I was going to say the same thing. There is so much more available for hiking and possibly camping in Bear Mt/Harriman State Park. I know one peak in Harriman where a number of times I saw people setup camp. I've been meaning to do it myself, looks real nice and peaceful up there.


----------



## una_dogger (Sep 27, 2006)

*Just reiterating what's been said here*

The Metro North Harlem line out of Grand Central goes to the Appalachian Trail station north of Pawling on the weekends, potentially friday night also but you'd need to check that schedule. North or south you can find shelters.  Do not attempt to camp near Nuclear Lake if travelling southbound on the AT, you will be booted by the maintainer who tends the dam.
You can probably find a bus that goes to Harriman State Park, also. Right at the Bear Mntn Inn Parking Lot there is a Park Police Headquarters where they sell trail maps of Harriman. You can camp in a shelter or 150 feet off trail and away from water. 

Good luck.
Sabrina


----------



## bigbog (Sep 28, 2006)

*......*

"*On* the ground Susan :-D


----------



## susankat6758 (Oct 2, 2006)

Hey all,
Thanks so much for your suggestions. They gave me the inspiration I needed to get north and get on the trail. I ended up doing just a day in Blue Mountain Reservation, just a quick cab ride from Peekskill on the Metro North. It was lovely, and I feel is just the beginning for my exploration of this area. I'll be trying out some more of your suggestions as the weekends go by. And yes, I mean on the ground, not like suspended _between_ trees. Ahhh, I can breath again.
Susan


----------



## thetrailboss (Oct 2, 2006)

I only know of _*"Vermonters"*_ and not *"Vermontians"*.  So I'm not sure where people use that term.  :blink:  As someone from the state, I have never heard it.....


----------



## MichaelJ (Oct 3, 2006)

Wonderful! Thanks for the followup on your weekend. 

And there's nothing wrong with a Hennessey Hammock as opposed to a tent; I've backpacked with both!


----------



## YardSaleDad (Oct 3, 2006)

susankat6758 said:


> I ended up doing just a day in Blue Mountain Reservation, just a quick cab ride from Peekskill on the Metro North.



Go just two stops more on that line to Cold Spring, and you will be in hiking heaven.  

http://en.wikipedia.org/wiki/Bull_Hill

http://en.wikipedia.org/wiki/Breakneck_Ridge

You can continue up the trails to

http://en.wikipedia.org/wiki/Mount_beacon

And then catch the train back from the next station.

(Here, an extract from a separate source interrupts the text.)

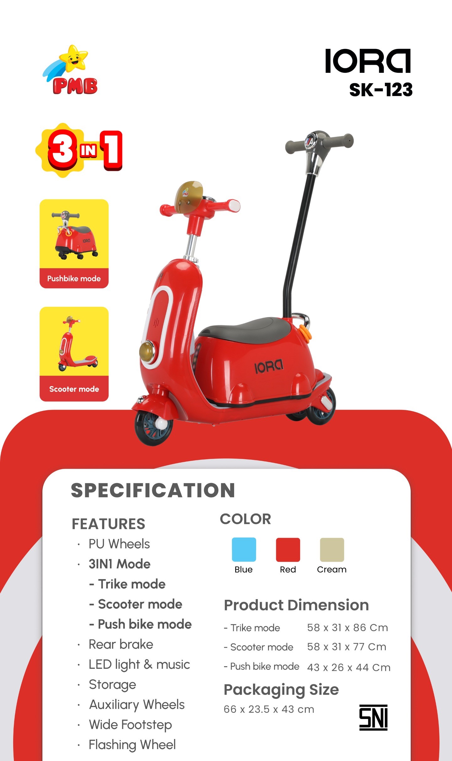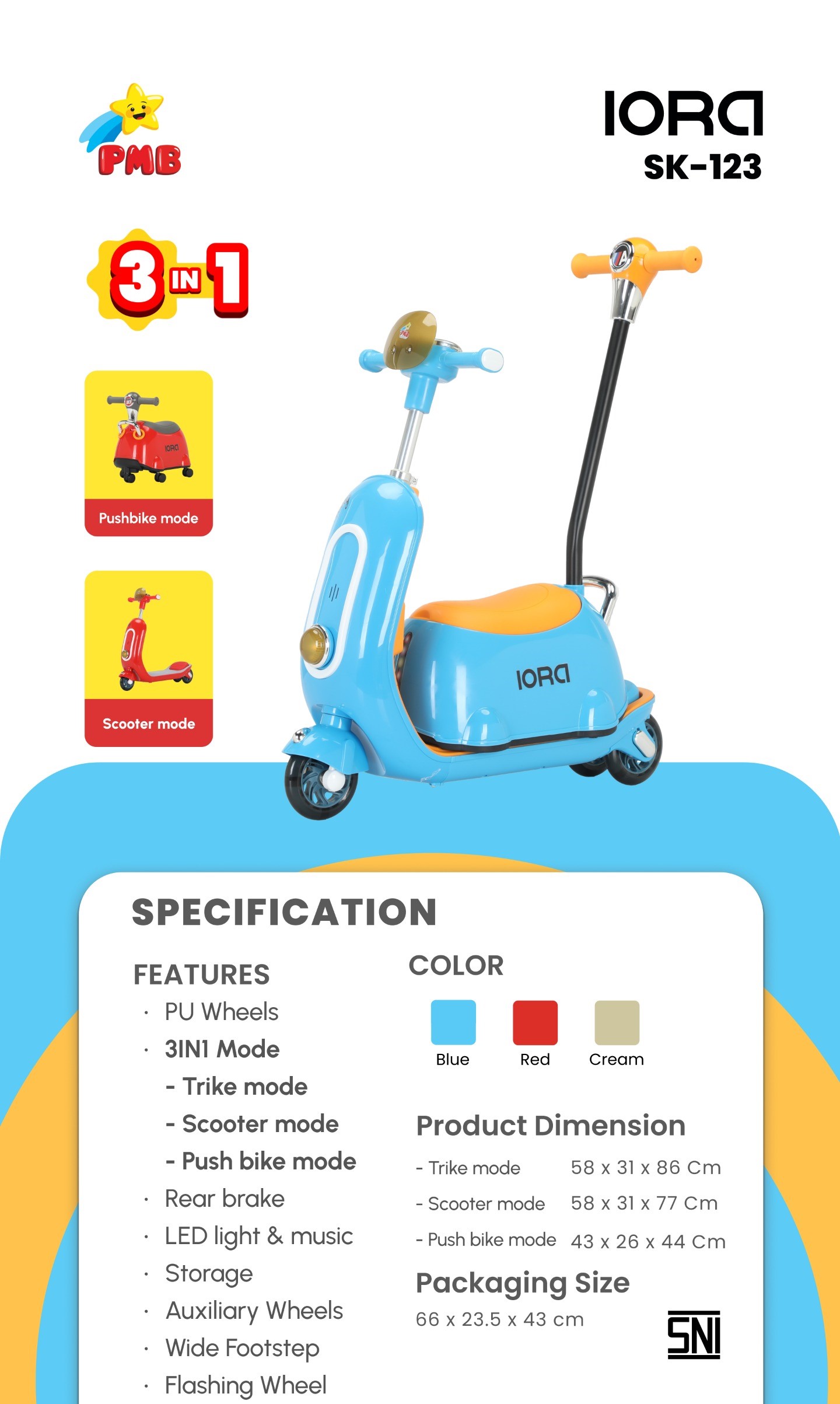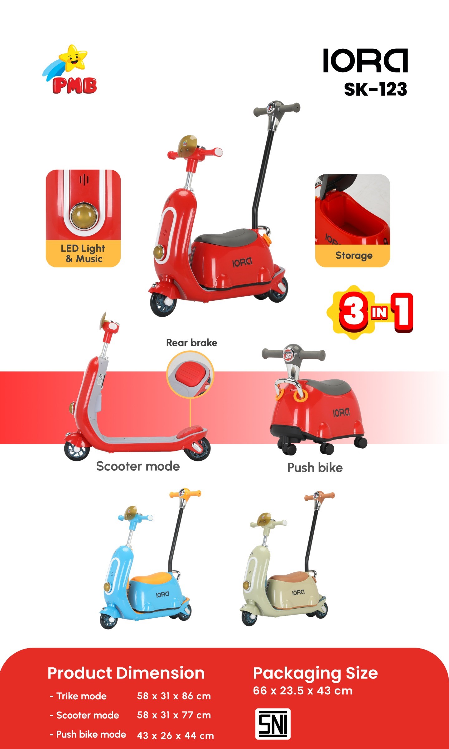 SCOOTER ANAK 3IN1 SCOOTER IORA SK 123 SK123 (color box) Led light musik PMB TOYS

For camping you can hike east or take a cab to 

http://en.wikipedia.org/wiki/Clarence_Fahnestock_State_Park


----------



## BeanoNYC (Oct 3, 2006)

Welcome to both Alpinezone AND NYC.  Have you looked into Heckshire (sp?) state park on Long Island.  I know that there is a LIRR stop within walking distance to the park.  They offer camping there.  Where in Brooklyn are ya?


----------



## una_dogger (Oct 11, 2006)

Definately try to get yourself to Harriman State Park....and as mentioned before, Cold Spring is the gateway to the Hudson Highlands.  Beacon is another Hudson Line Metro North Stop that offers hiking.  

Glad you got your fix at Blue Mountain, gotta say though, you really MUST be desperate to sleep between the trees if a trip to Peekskill did it fo' ya!


----------



## SKIQUATTRO (Oct 19, 2006)

i mountain bike at night at Bethpage St Park in Bethpage...you can hike the Greenbelt trail from Bethpage to Cold Spring harbor.  You can walk from the train station in Bethpage to the trails (just a mile or so) You could even take the train out from Bklyn on a weekday night, sleep in the woods, and take the train back to work in the morning!!


----------